If the hair and hide are wet from rain or washing, thoroughly dry the brand site so there's no water on it. Then spray the area with a layer of room-temperature alcohol to completely wet the shaved skin. A clean squirt bottle of any kind will work for this. The alcohol will remove some of the skin oils and also helps transfer the cold temperature more readily from the branding iron to the skin. Some people like to apply the alcohol twice—using the first application to help remove any dirt or loose hair, rubbing it off, and then spraying the area again. Immediately after the final spraying with alcohol, remove the appropriate iron from the cold liquid and apply it to the area, pressing firmly and squarely, with a slight rocking motion to make sure the iron is in good contact.

You need a timer or watch with a second hand, to make sure you apply the irons long enough. Start checking the time as soon as the iron is applied to the skin. When using liquid nitrogen, the irons should be pressed against the hide for approximately 20 to 45 seconds depending on the species and age of animal and the outdoor temperature. For young horses with thin skin, 6 to 12 seconds is adequate. For adult horses it will take 8 to 12 seconds. A calf has thicker hide and the iron should be left on for 21 to 24 seconds. For adult cattle it will usually take 25 to 30 seconds or more. Hot weather and thicker hides require longer branding time.

When using alcohol and dry ice, the irons should be pressed against the hide longer, usually for 45 to 60 seconds. White cattle will need at least 60 seconds in order to completely kill the hair follicles so the brand will then be bare skin. When branding foals with dry ice and alcohol, the iron should be left on for 16 to 24 seconds. Adult horses take 20 to 24 seconds.

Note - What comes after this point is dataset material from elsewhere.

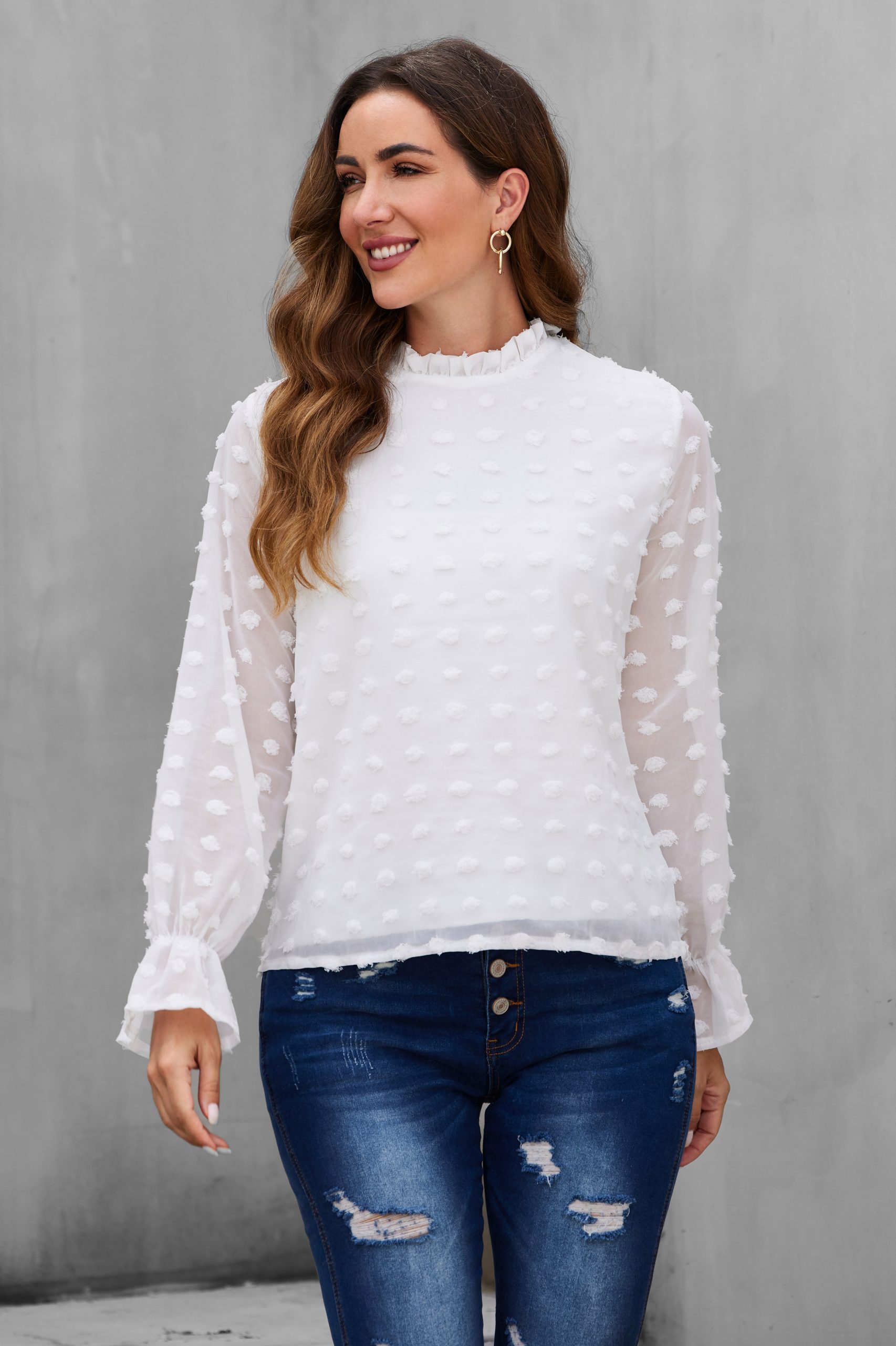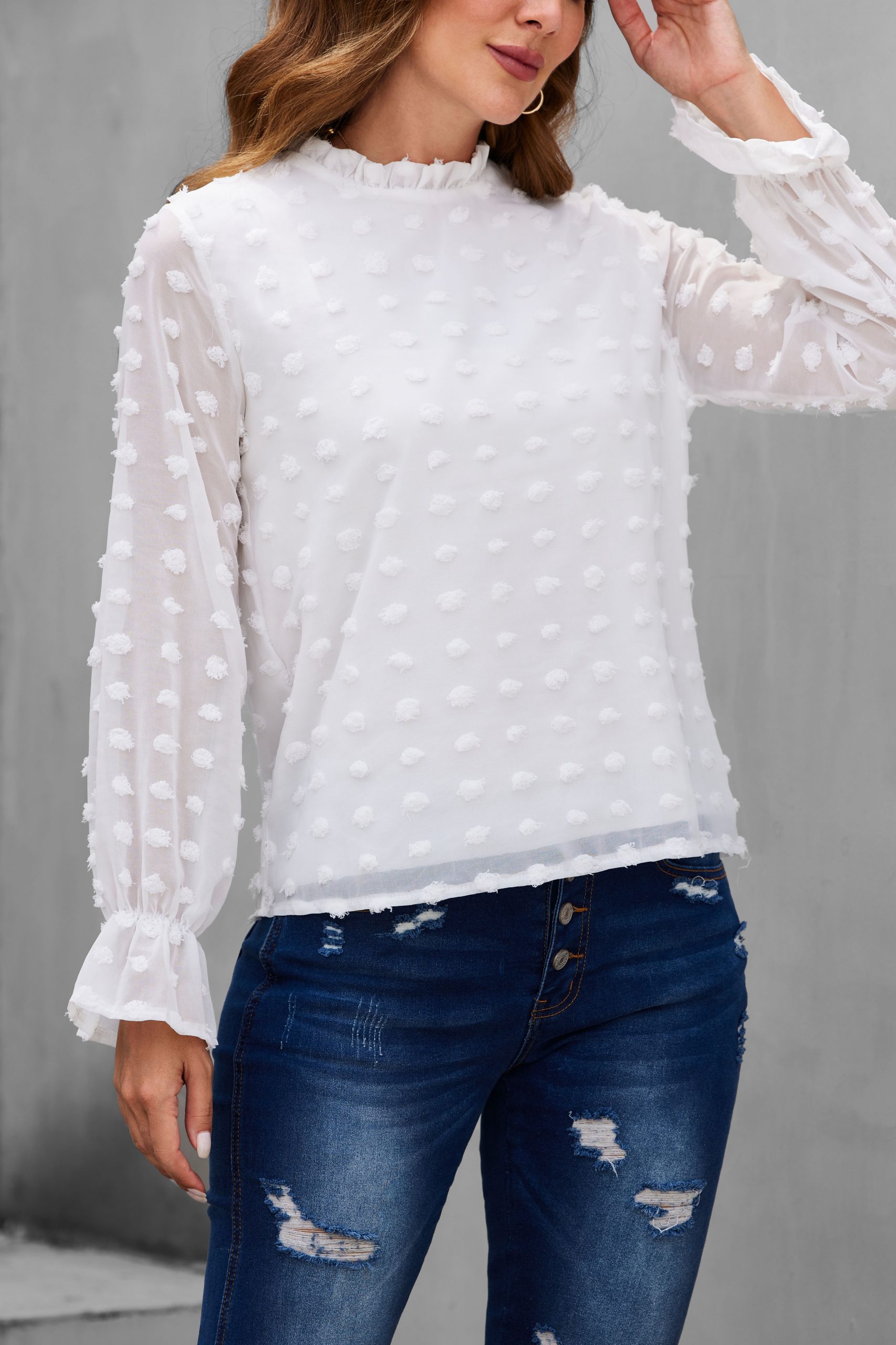 Rufffle Trim See Through Blouse

Calves require 40 to 50 seconds and adult cattle 50 to 60 seconds.

Begin timing when the iron first touches the hide, and apply enough pressure for good contact with the entire surface of the iron. The animal may feel pain for the first 10 seconds. After that the nerve endings are frozen and the animal usually doesn't protest or try to move much as you continue applying the brand.

Take care when selecting the brand site to be sure it's a smooth surface. If you are branding on the shoulder, for example, make sure the iron is not partially on a thin muscle over the shoulder blade and partially on a thicker muscled area. This could create unequal pressure, producing a non-uniform brand, with some hairs growing in colored instead of white.

WHAT THE BRAND WILL LOOK LIKE - As soon as you remove the iron, you'll notice a frozen indentation in the skin. This will disappear within about five minutes and the area will begin to swell. The swelling will make the brand look two or three times bigger than the finished brand will be, and it may stay swollen for two to three days. After the swelling goes down, the brand may not be very easy to see for a while unless a welt remains, but a small scab may form. Within about 20 to 30 days the frozen skin will become flaky, scaling off, and the scab will be coming loose. Once it is gone, some short, fine white hair (like peach fuzz) will begin to appear. The length of time it takes for the white hair to fully grow in will depend on the time of year the animal was branded.